What is needed — Reproduce exactly the lines from the start of the records through the line containing "海辺に立つ女性が、画面の右側(広い空間)を見つめています。", both included. Leave the pictures out.
══ Recorded information
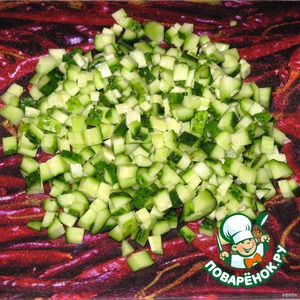 Огурцы нарезать маленькими кубиками
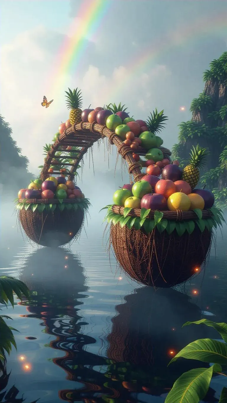A whimsical bridge intricately woven from shimmering coconut husks, connecting two floating fruit islands adorned with various, colorful fruits. The islands hover above a foggy, enchanted sea, with a rainbow arching overhead and glowing fireflies dancing around the bridge.
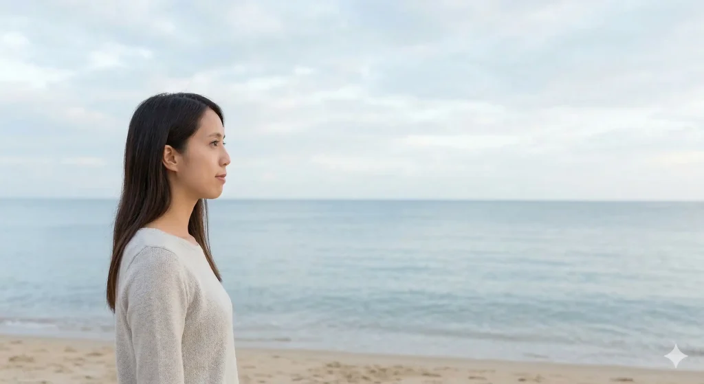 海辺に立つ女性が、画面の右側(広い空間)を見つめています。
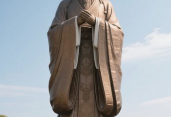先師孔子行教像?萬世師表 本作品為景觀雕塑范疇下的人物雕塑,采用鍛銅雕塑工藝塑造,以中國古代思想家、教育家孔子為核心原型,旨在打造承載儒家文化精神的公共藝術載體。在造型上,雕塑選取孔子 “行教” 經典姿態:雙手疊握于胸前,呈揖禮之態,既體現 “克己復禮” 的儒家倫理,也傳遞出謙和包容的治學態度。人物面容慈祥,目光深邃,長髯飄逸,生動還原了孔子作為 “萬世師表” 的精神氣質;衣紋采用垂墜式線條,輔以回紋、云紋等傳統紋樣鍛刻,既符合古代服飾規制,又通過金屬質感強化了雕塑的厚重感與歷史感。材質選擇鍛銅,既保證了戶外環境下的耐腐蝕性與耐久性,又能通過鍛打工藝呈現細膩的肌理層次,讓人物神態與服飾細節更具表現力。雕塑置于開闊的園林景觀中,與周邊綠植、建筑形成呼應,成為連接歷史與當代、文化與公眾的視覺紐帶,既滿足了景觀美學的需求,也實現了文化傳播的功能,讓觀者在駐足瞻仰中感受儒家文化的深厚底蘊與人文溫度。
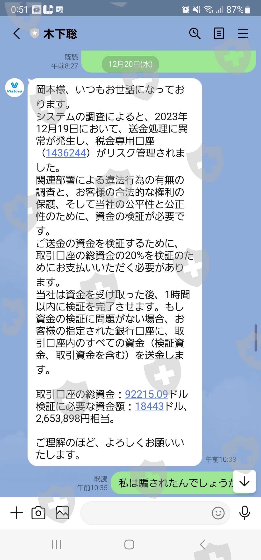 当我申请提款时,我被扣了税,2023年12月19日,汇款过程中出现错误,我的税务账户(1436244)被置于风险管理之下。资金核查是相关部门调查确定是否存在违法行为、保护您的合法权益以及本公司公平公正所必需的。为了验证您的转账资金,您需要支付交易账户总资金的20%进行验证。我们在收到资金后1小时内完成验证。如果资金验证没有问题,我们会将您交易账户中的所有资金(包括验证资金和交易资金)转入您指定的银行账户。交易账户总资金:92,215.09美元 验证所需资金金额:18,443美元,折合2,653,898日元。我收到一条消息说。请立即提款
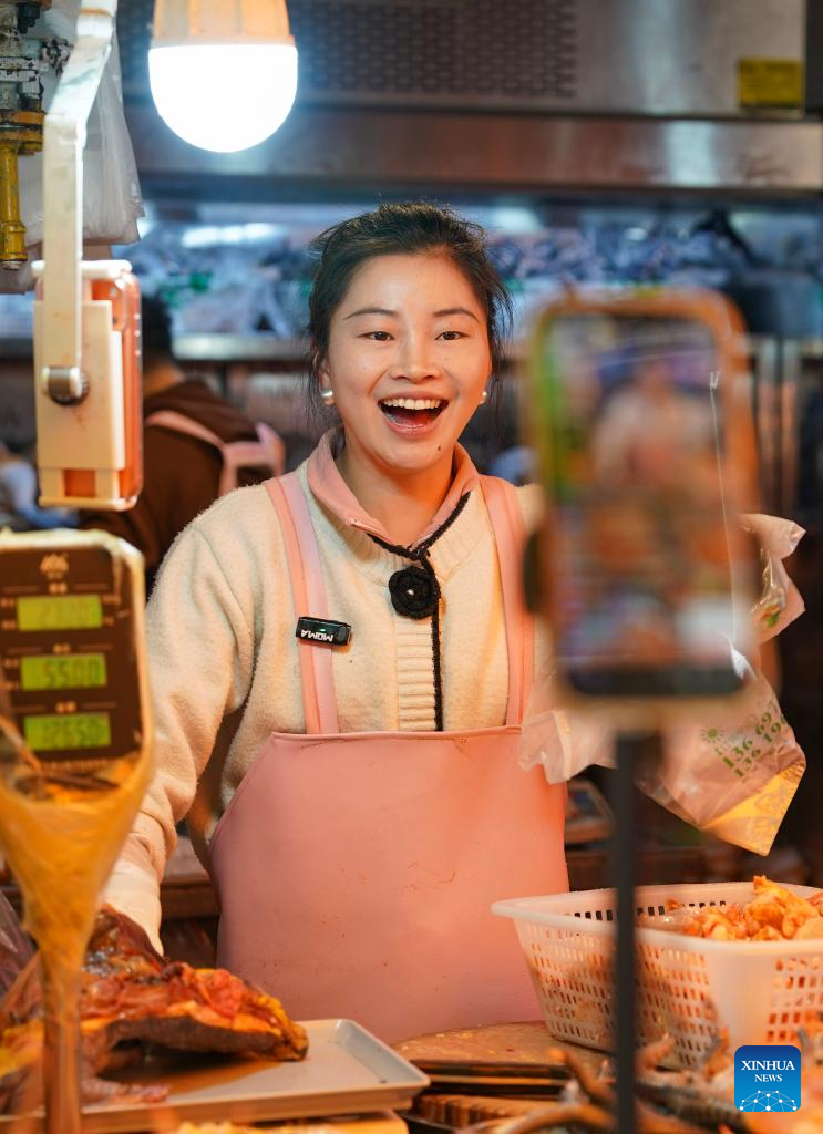 A vendor sells marinated meat at Daguan Zhuanxin farmers’ market in Kunming, southwest China’s Yunnan Province, Jan. 27, 2026. While preserving the original function of a farmers’ market, Daguan Zhuanxin farmers’ market has now been upgraded to a complex of cultural experience, dining and entertainment, which offers tourists a window to experience local flavor and vibe. (Xinhua/Chen Xinbo)
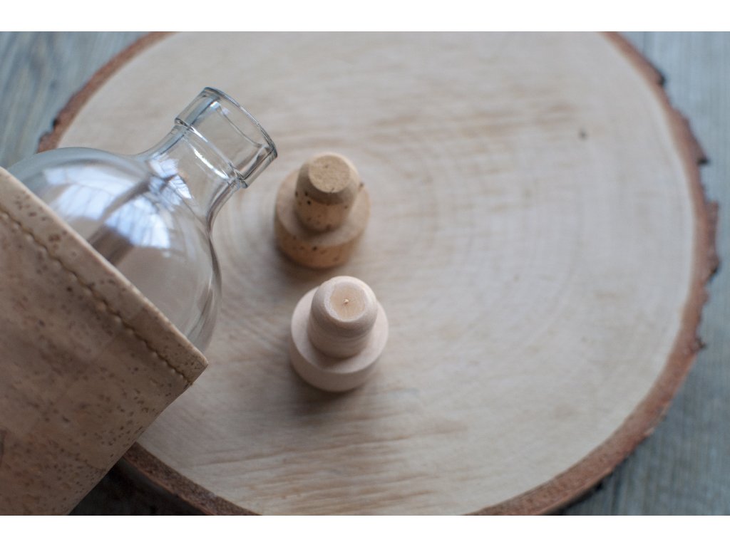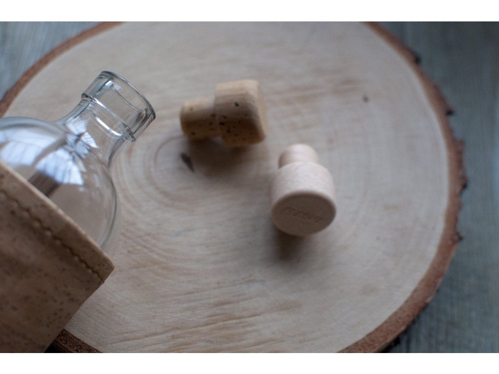 každá fľaša má korkový štuplík, a zároveň náhradný štupel z expankorku (napodobenina korku, používaná aj na vínach)
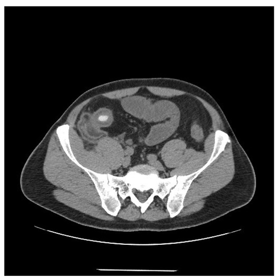 - Sohail, U.; Ashraf, I.; Mir, F.; Wu, Z.; Hammad, H. Calcified Foreign Body Causing Intestinal Obstruction in a Patient With Crohn’s Disease. Am. J. Gastroenterol. 2015, 110, S29. [Google Scholar] [CrossRef]
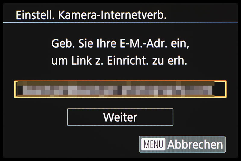 Geben Sie als nächstes die E-Mail-Adresse ein, mit der Sie bei Canon iMAGE GATEWAY bereits registriert sind. Wählen Sie anschließend die Schaltfläche Weiter.
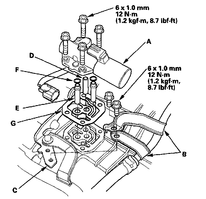 5. Remove the ATF pipe (D), ATF joint pipes (E), O-rings (F), and gasket (G).
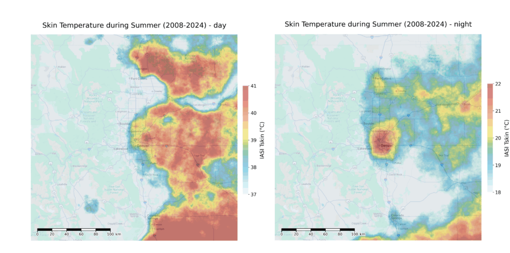 The averaging of Tskin over the IASI period in Summer highlights the presence of an urban heat island in Denver, Colorado
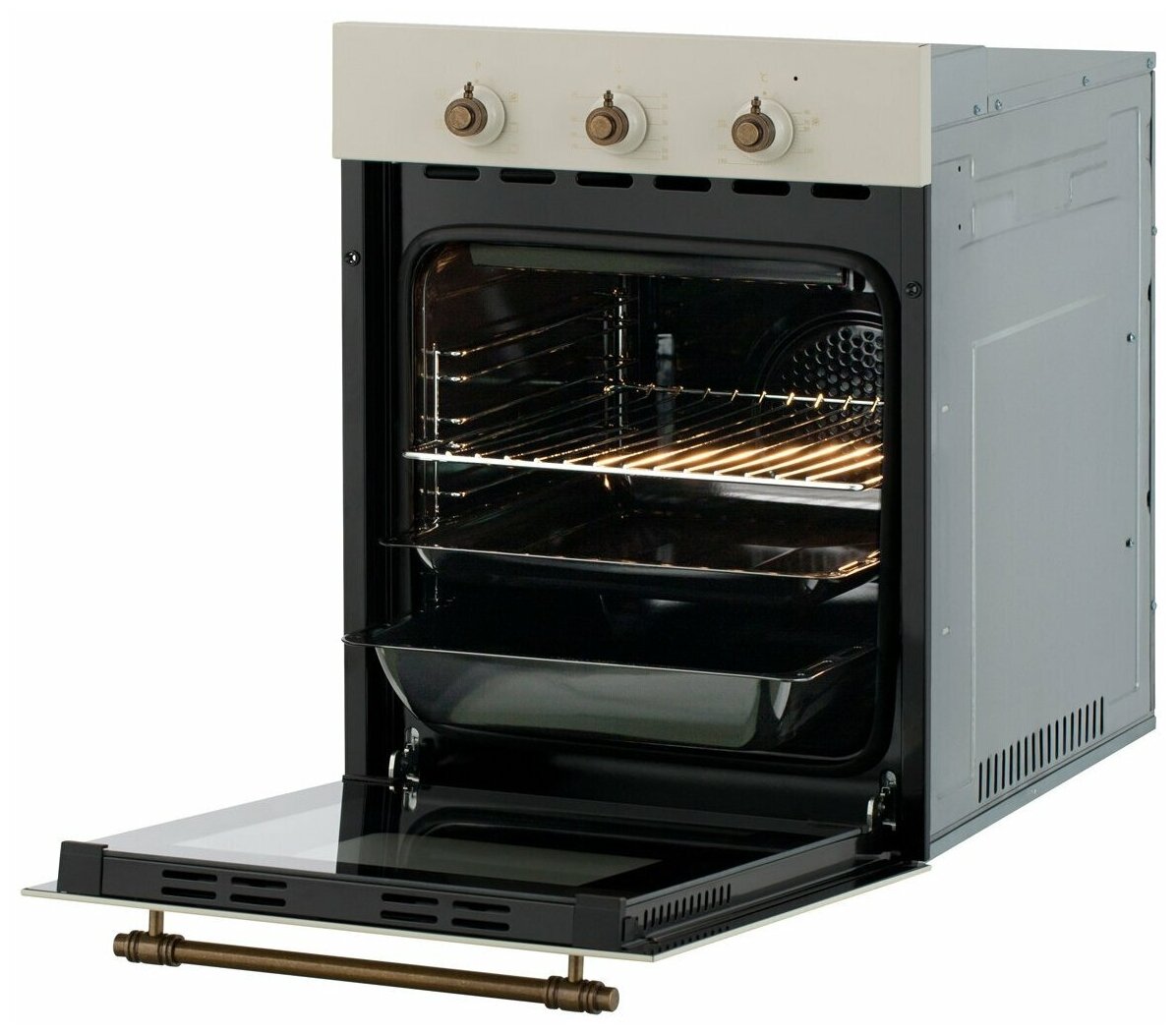 At the first start, we recommend heating the oven for 15 minutes at 200°C with a baking sheet filled with 300-400 g water to burn through the factory grease; supply voltage 220-240 V; cooling Fan; timer type: sound
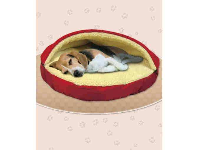 Pet Cave is like a luxurious sleeping bag for your favorite pal. It has a 5" thick bed with a Sherpa lining that surrounds your pet with warmth and comfort. The removable cuddle cover provides an extra blanket of warmth and contours to fit the size of your dog or cat. It can be used with or without the zippered top for a cozy place to relax or sleep. Your pet will love it, or give it as a gift to spoil someone else's pet. Polyester. Cover is machine care. 25" dia. x 5".
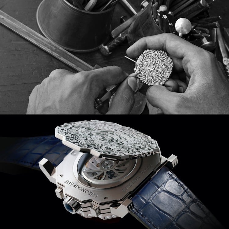 Accompagnati da cinturino in coccodrillo cucito a mano, con chiusura déployante in oro bianco dalla fibbia ottagonale con viti a intaglio radiale, i tre orologi presentano una cuvette incernierata sul fondello realizzata con la tecnica detta inglesina, ispirata a quella utilizzata per decorare le parti metalliche di fucili di altissimo pregio.
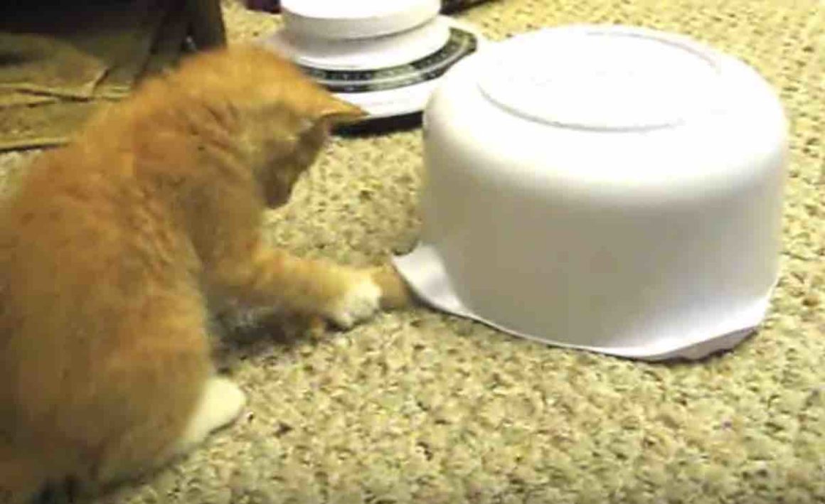 白いタライがひっくり返って置かれているぞ。 飼い主さんが指でチョイチョイとつっつくと、 中からニョキッと可愛い手が! 子猫もやってきて、タライの中に興味津々。 パシパシと叩いて遊んでます。 この遊びはタライの中の正体が現れるまで続き... なんと... -
════
Task output —
 Огурцы нарезать маленькими кубиками
A whimsical bridge intricately woven from shimmering coconut husks, connecting two floating fruit islands adorned with various, colorful fruits. The islands hover above a foggy, enchanted sea, with a rainbow arching overhead and glowing fireflies dancing around the bridge.
 海辺に立つ女性が、画面の右側(広い空間)を見つめています。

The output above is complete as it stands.